McMaster University

McMaster University

Faculty of
Health Sciences

Government of Canada invests $6.7M in Canada Research Chairs at McMaster

By Danelle D'Alvise
Published: October 25, 2011
Tim Whelan
Tim Whelan, professor of oncology; Canada Research Chair in Health Services Research in Cancer

Brian Coombes
Brian Coombes, associate professor of biochemistry and biomedical sciences; Canada Research Chair in Infectious Disease Pathogenesis
Sonia Anand
Sonia Anand, professor of medicine and clinical epidemiology and biostatistics; Canada Research Chair in Ethnic Diversity and Cardiovascular Disease

With the support of the Canada Research Chairs program, three investigators in the Faculty of Health Sciences will continue to pursue highly successful research programs.

New Canada Research Chairs (CRCs) were announced this month by the federal government for Sonia Anand, a professor of medicine, clinical epidemiology and biostatistics, and Brian Coombes, an associate professor of biochemistry and biomedical sciences. Tim Whelan, a professor of oncology, received an advancement of his chair to Tier 1 status.

The health sciences faculty are among eight researchers at McMaster University to receive new and renewed funding through the Canada Research Chairs program — an investment totalling $6.7 million. McMaster now boasts 62 Chairs from an allocation of 69 CRCs — the third highest allocation in Ontario and ninth highest in Canada.

"Retaining these talented individuals means that our University can reap the benefits of their new ideas and their contributions to issues of health, public safety and the economy," said Mo Elbestawi, vice-president research and international affairs.

Sonia Anand, Canada Research Chair in Ethnic Diversity and Cardiovascular Disease, will use her Tier 1 Chair to examine high-risk populations to provide greater insight into the causes and risk factors of cardiovascular disease. Her research could eventually lead to the development of prevention strategies to stem the leading cause of premature deaths in ethnic populations.

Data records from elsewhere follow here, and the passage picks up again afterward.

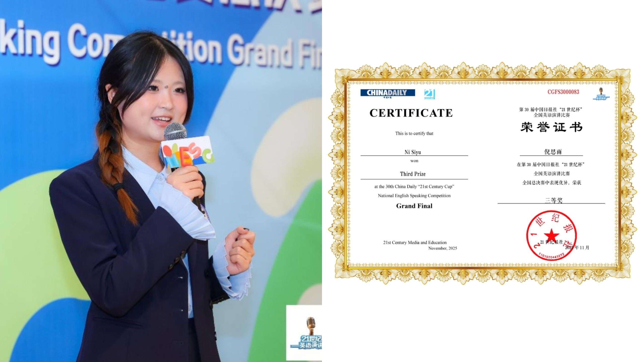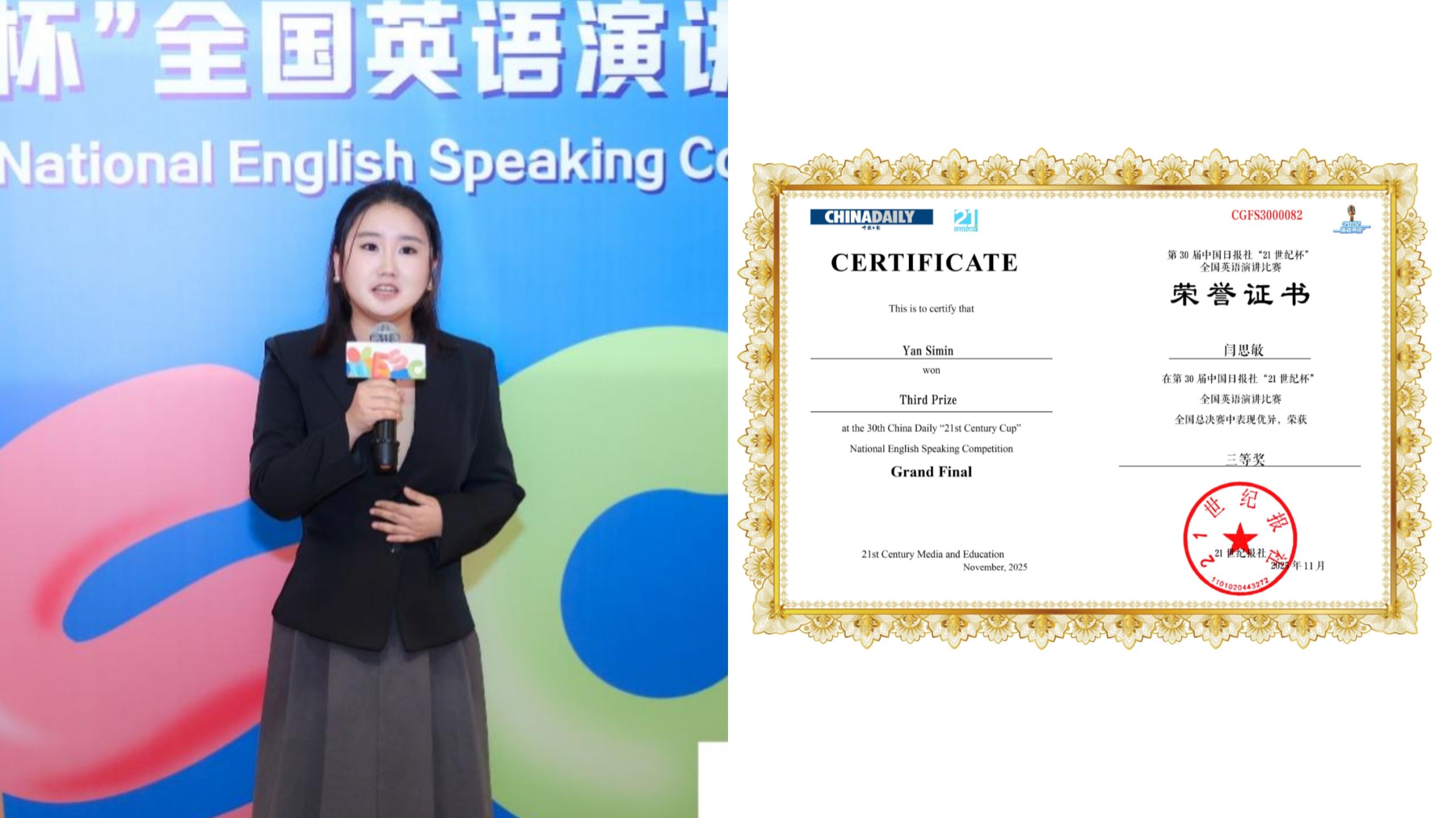 11月13日至17日,在杭州落幕的第30屆中國日報社“21世紀杯”全國英語演講比賽全國總決賽上,外國語學院學子斬獲全國三等獎2項。參賽同學的英語語言功底扎實,演講主題鮮明、內容充實,邏輯層次清晰,表達流暢自然,既傳遞了青年視角的思考,又展現了當代大學生的精神風貌,贏得了評委團的專業認可。
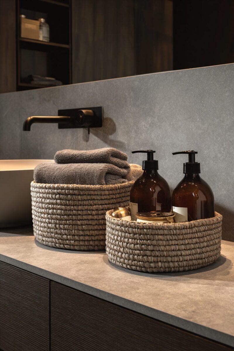 The key to making baskets look intentional rather than like storage afterthoughts lies in choosing pieces with consistent materials or colors that coordinate with your overall bathroom design.
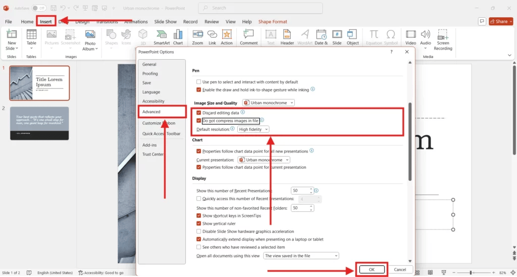 Can I reduce the PowerPoint file size without losing quality?
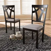 Constructed of a solid rubberwood frame, the dining chair set is upholstered in gray polyester fabric, instantly updating your dining room for an on-trend look.

Biochemist Brian Coombes has been awarded a Tier 2 Canada Research Chair in Infectious Disease Pathogenesis to investigate how major enteric pathogens — the organisms that enter our bodies and cause serious problems with our gastrointestinal systems — infect humans, and how human and environmental activities influence the evolution of these infectious diseases.

During his tenure as Canada Research Chair in Health Services Research in Cancer (Tier 2), radiation oncologist Tim Whelan served at the forefront of radiation therapy research, leading randomized trials that evaluated novel radiation regimens in breast cancer, changing cancer treatment practice not just in Canada, but across North America. His research successes have propelled Whelan to a Tier 1 Canada Research Chair in Breast Cancer Research, where he will forge new paths in the study of the biomarkers that indicate the presence of a cancerous tumour to determine if they can be used to help individualize the treatment of early breast cancer to lessen the toxicity and cost of unnecessary treatment.  Whelan w ill also continue to conduct clinical trials to optimize radiation therapy for women with breast cancer and evaluate new technologies in radiation therapy.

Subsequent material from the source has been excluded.